Hi guys, I'm obviously in the wrong forum,but I'm still curious about all engines. Does any one have this? I would really appreciate a sound clip like the others have requested.


----------



## thumper07 (Aug 27, 2006)

*Re: (windsorvr)*


_Quote, originally posted by *windsorvr* »_
the exhaust isnt going to make the car noticeably quicker, if you want a fast car you shouldnt have gotten a rabbit. and the exhaust comes out to a little over 700 with dual tips (tax). why are all these people so concerned with the money/power ratio on a rabbit? *it will never be fast! until you start talking about in depth custom FI *which will cost about half the price of your car...

i know this is old but that is about the stupidest thing i have ever heard.


----------



## the s is silent (Jul 17, 2004)

*Re: (thumper07)*

How about a 2.25" system?
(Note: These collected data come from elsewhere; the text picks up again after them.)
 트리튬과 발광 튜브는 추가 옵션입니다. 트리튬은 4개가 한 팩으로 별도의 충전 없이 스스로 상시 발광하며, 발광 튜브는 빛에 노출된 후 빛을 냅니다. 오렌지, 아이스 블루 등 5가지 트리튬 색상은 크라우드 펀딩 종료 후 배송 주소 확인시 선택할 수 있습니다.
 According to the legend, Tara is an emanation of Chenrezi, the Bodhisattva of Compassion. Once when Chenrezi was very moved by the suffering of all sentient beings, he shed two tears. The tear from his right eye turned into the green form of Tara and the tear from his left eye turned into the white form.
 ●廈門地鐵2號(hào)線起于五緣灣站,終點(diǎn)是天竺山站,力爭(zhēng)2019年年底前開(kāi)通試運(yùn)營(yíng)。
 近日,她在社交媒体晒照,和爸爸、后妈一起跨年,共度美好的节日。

The exhaust is one place where bigger is not better, and I fear that 2.5" may be a bit large for a naturally aspirated 2.5L.


----------



## travis3265 (Nov 15, 2003)

*Re: (the s is silent)*

ghl is 2.25


----------



## KoF (Jun 24, 2006)

*Re: NEW Techtonics Rabbit 2.5L exhaust ***www.performance-cafe.com*** (PerfCafe)*


_Quote, originally posted by *PerfCafe* »_








*NEW Stainless Steel 2.5" Rabbit 2.5L Cat Back exhaust!!!*








Click here for more info--->>>>> http://www.performance-cafe.co...=1479
[email protected]
Call us! 831.426.1431
AOL IM PERFCAFE

All this post has no sense without soundclips or video. It's like to buy "a cat in a bag"?
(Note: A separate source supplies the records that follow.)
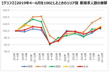 中四国エリアの求人数は2倍以上に増加。元々、他エリアと比較して求人が少ないエリアではありますが、2021年10~12月期は広島・岡山県でラグジュアリーブランドの採用が復活。求人数を牽引しました。これは、ラグジュアリーブランドの人気拡大を受け、来店数が増えてることから、接客力を強化することで、ブランドのファンを増やしリピーターに繋げたいと考える企業が多いためと言えます。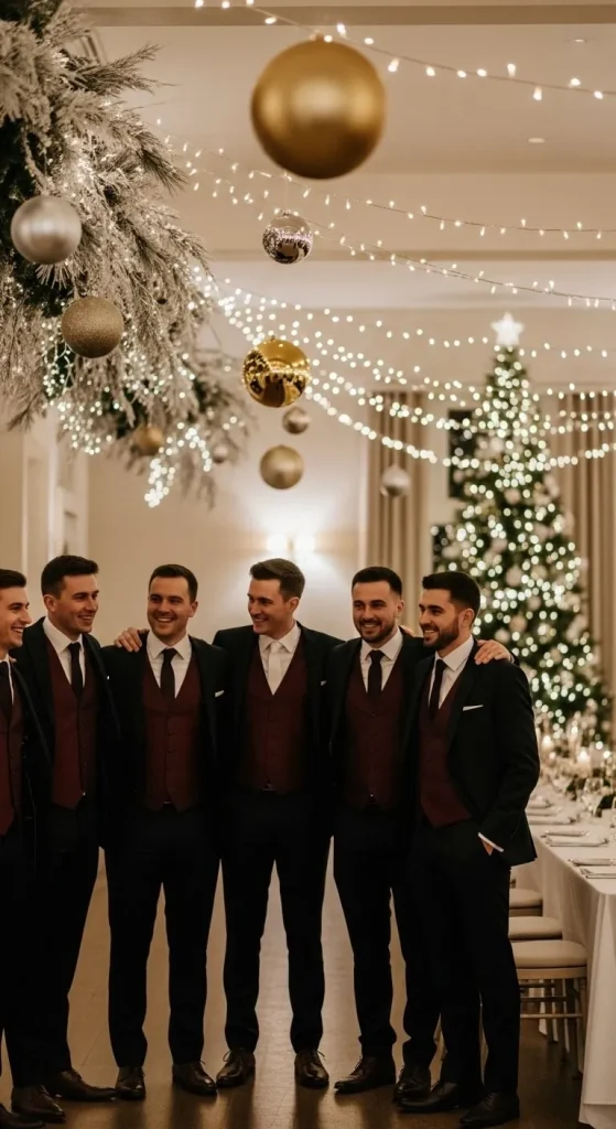 Most groomsmen already own a black suit, making this a very affordable option. Just coordinate the accents ahead of time so everyone matches. If red feels too bright, go for burgundy. It’s softer and still fits the holiday palette.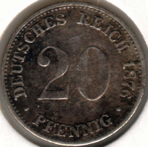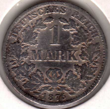 1 Mark (silver) 1876A 7 ger4pu.jpg (78298 bytes) ger4pux.jpg (54677 bytes)   VG/AF 3.50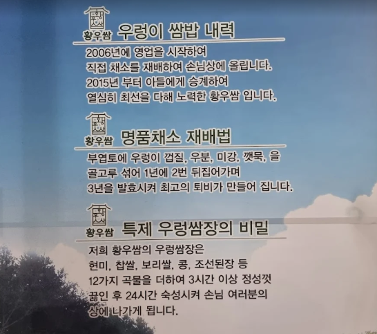 포항에서 건강하고 든든한 식사를 찾고 있다면, 황우쌈을 꼭 기억하세요! 신선한 쌈채소와 깊은 맛의 우렁쌈장으로 포항 현지인뿐 아니라 여행객에게도 입소문 난 포항 가볼 만한 추천 맛집입니다. 포항 해상스카이워크 여행 또는 울릉크루즈를 이용해 울릉도를 가시는 분들에게 출발 또는 도착 시 방문 강력 추천 장소입니다.
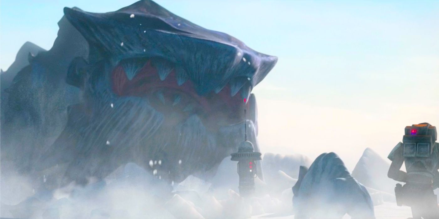 Durante el regreso de Bad Batch a Barton IV, Hunter y Crosshair se encuentran cara a cara con un gusano de hielo gigante identificado por subtítulos como un “wyrm”. Obviamente, el momento es impecable y bastante divertido dado el reciente lanzamiento de Duna: Segunda parte que presenta de manera destacada los icónicos gusanos de arena que viajan a través del planeta desértico de Arrakis y son montados por los nómadas conocidos como los Fremen. Este gusano de hielo no sólo viaja bajo la nieve como Dunas Shai-Hulud, pero también cuenta con una boca grande lista para consumir todo a su paso..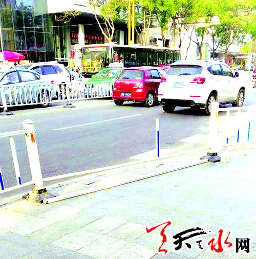 4月29日,记者在秦州区建设路看到,位于市建二小学对面公交车站附近的这处人行道护栏,由于经常被在此等车的学生攀爬、倚靠,而导致护栏栏杆断裂,最终被解体毁坏。人行道护栏作为城市公交设施,是城市交通安全的一道屏障,需要大家都来爱护。在此,呼吁学校及家长都能教育自己的孩子尽量不要去破坏护栏。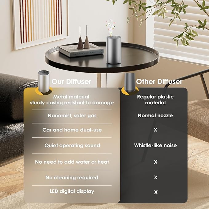 - Waterless Essential Oil Diffuser: Unlike traditional ultrasonic diffusers, Our Essential Oil Diffuser use nanotechnology to instantly compress essential oils into mist, quickly spreading the fragrance without the need for water or heat. Enjoy the aroma effortlessly. The Essential Oil Diffuser Large Room shell is made of high-quality metal, making it durable and resistant to damage. Powered by a 2000mAh battery, Cordless Aromatherapy Diffuser can easily last for 2-3 days of use.Note:(If leakage occurs, install the silicone ring gasket inside the fitting onto the top of the knob)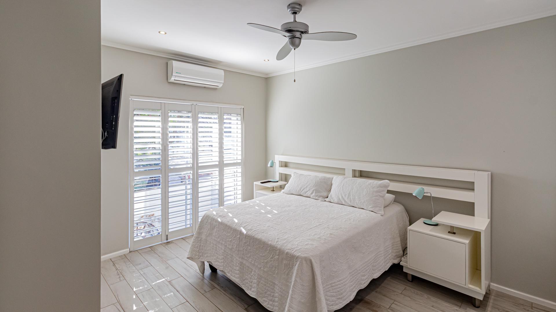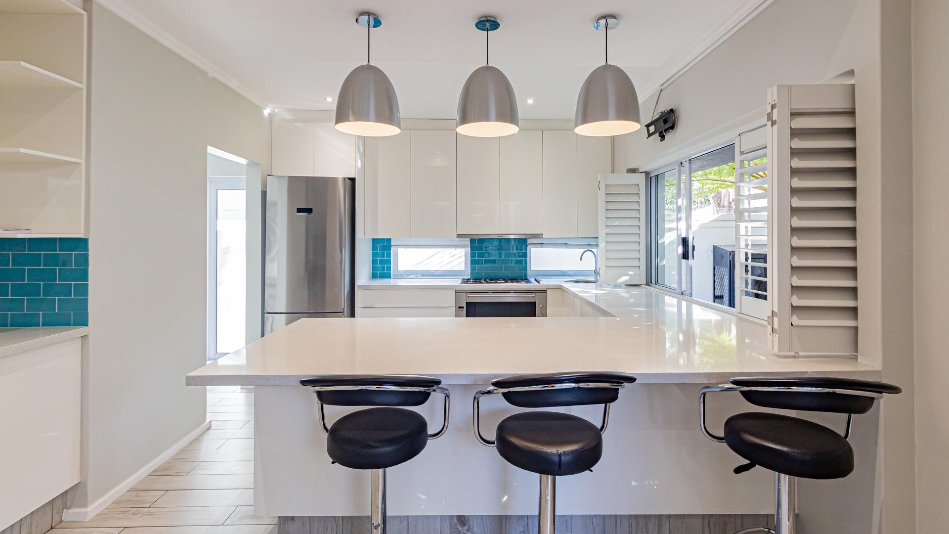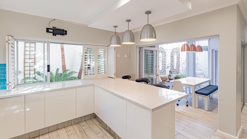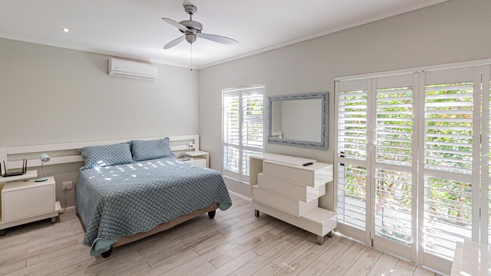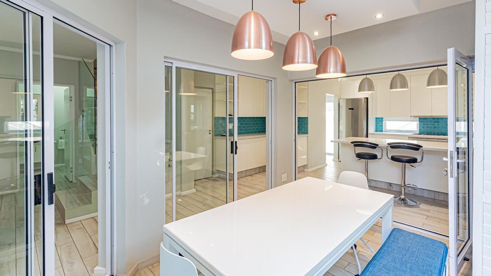 The open-plan layout flows seamlessly from the designer kitchen—fitted with Caesarstone countertops, SMEG gas hob and oven, and a separate scullery—into elegant living spaces enhanced by designer lighting, air conditioning, and American shutters. A beautiful glass balustrade staircase leads upstairs to three en-suite bedrooms, including a luxurious main suite with walk-in closet and Juliet balcony.

If you wanna sell this thing, give us more info, not just prices


----------



## jetta2pointfive (Sep 28, 2006)

*Re: NEW Techtonics Rabbit 2.5L exhaust ***www.performance-cafe.com*** (KoF)*

i got vids of the Techtonics exhaust system on my 2.5L automatic 
go here
http://www.putfile.com/jetta2pointfive/media


----------



## windsorvr (Nov 23, 2004)

*Re: (thumper07)*


_Quote, originally posted by *thumper07* »_
i know this is old but that is about the stupidest thing i have ever heard.

please elaborate. do you think your rabbit is "fast"...


----------



## PerfCafe (May 1, 2002)

*Re: NEW Techtonics Rabbit 2.5L exhaust ***www.performance-cafe.com*** (jetta2pointfive)*


_Quote, originally posted by *jetta2pointfive* »_i got vids of the Techtonics exhaust system on my 2.5L automatic 
go here
http://www.putfile.com/jetta2pointfive/media

Thank you for your contribution!!! 
Cheers!
Jon


----------



## PerfCafe (May 1, 2002)

*Re: (windsorvr)*


_Quote, originally posted by *windsorvr* »_please elaborate. do you think your rabbit is "fast"...
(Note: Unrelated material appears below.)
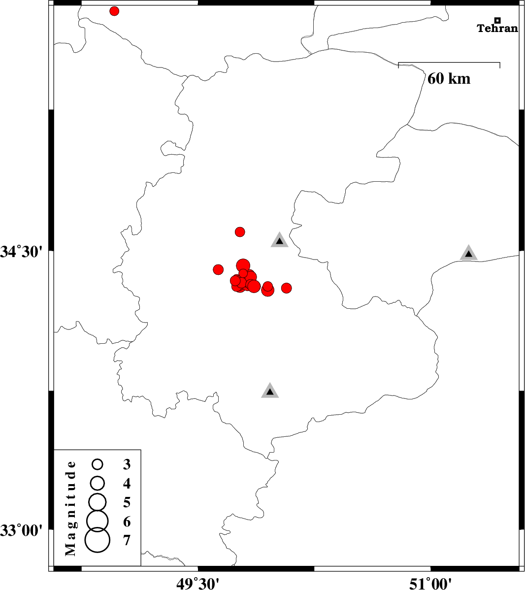 | 2012/01/20 | 06:49:49.9 | 10:19:49.9 | 34.33 | 49.78 | 14 | ML3.1 | Markazi Province, 29 km North of Arak | ||

I have seen a few 2.5L motors that were fairly pumped making great power.
Jon http://****************.com/smile/emthup.gif


----------



## blkrabbit07 (Mar 4, 2007)

*Re: (thumper07)*

on the fact that ppl sayin that it costs more to mod a rabbit and they are not fast is just plain ludacris







but point being the rabbit motor and tranny is much more sound than the gti's and also for all those looking for sound clips for the exhaust go to the forum that i belong..... rabbitownersclub.com and look in the mods and how to forum and find snottyrabbit's post of (exhaust here we go) and you will get your sound clip and other other relevant info that you need from the forum without getting bashed for having a better car... hp potential, looks, and price efficiency! http://****************.com/smile/emthup.gif


----------



## whatsyourbeef (Jan 2, 2007)

*Re: NEW Techtonics Rabbit 2.5L exhaust ***www.performance-cafe.com*** (PerfCafe)*

IMO, no product should be offered for sale without some basic information. In the case of exhaust systems it should be as all have requested: hp, torque, sound, and *noise levels*. You all should check out SEMA websie for information on what your state is trying to do to prevent modding of cars...http://www.sema.org/main/semaorghome.aspx?id=52339...the sound level is important, most states use 95 dB as the standard. above this, no sticker, citations, forced to replace, pissing off the neihbors...in all of my querries to companies either making or selling exhausts only one I saw had a noise level test done, the rest don't seem to care about this important piece of information, so, let the buyer beware.


----------



## 9xnine (Jan 18, 2007)

*Re: NEW Techtonics Rabbit 2.5L exhaust ***www.performance-cafe.com*** (glasgowcelticsuck)*

My single muffler system is on the way....I'll let you guys Know how it fits and works and will try to get a decent sound clip.


----------



## @[email protected] (Aug 29, 2003)

*Re: (windsorvr)*


_Quote, originally posted by *windsorvr* »_
please elaborate. do you think your rabbit is "fast"...

Argh, not this again...


----------



## 9xnine (Jan 18, 2007)

*Re: (@[email protected])*

For the love of....... what the hell you guys????!!!! The rabbit is not fast. The GTI is not even fast. Fast is an Audi RS4 or a Porsche 911 Turbo etc. It's not slow either though. It's a killer car for the money. I love my rabbit 2.5 as do most of the people who have em. Thats all we r sayin is Bang 4 the buck thats all. It is nowhere near being one of the worst engineered engines ever. Nor is it one of the fastest. Period. End of story. Can we all just enjoy what we've got before we lose it and move on?


----------



## oeness (Apr 20, 2007)

Ordered mine on Monday and it came on Wednesday! Thats with just standard ground shipping too! Talk about fast.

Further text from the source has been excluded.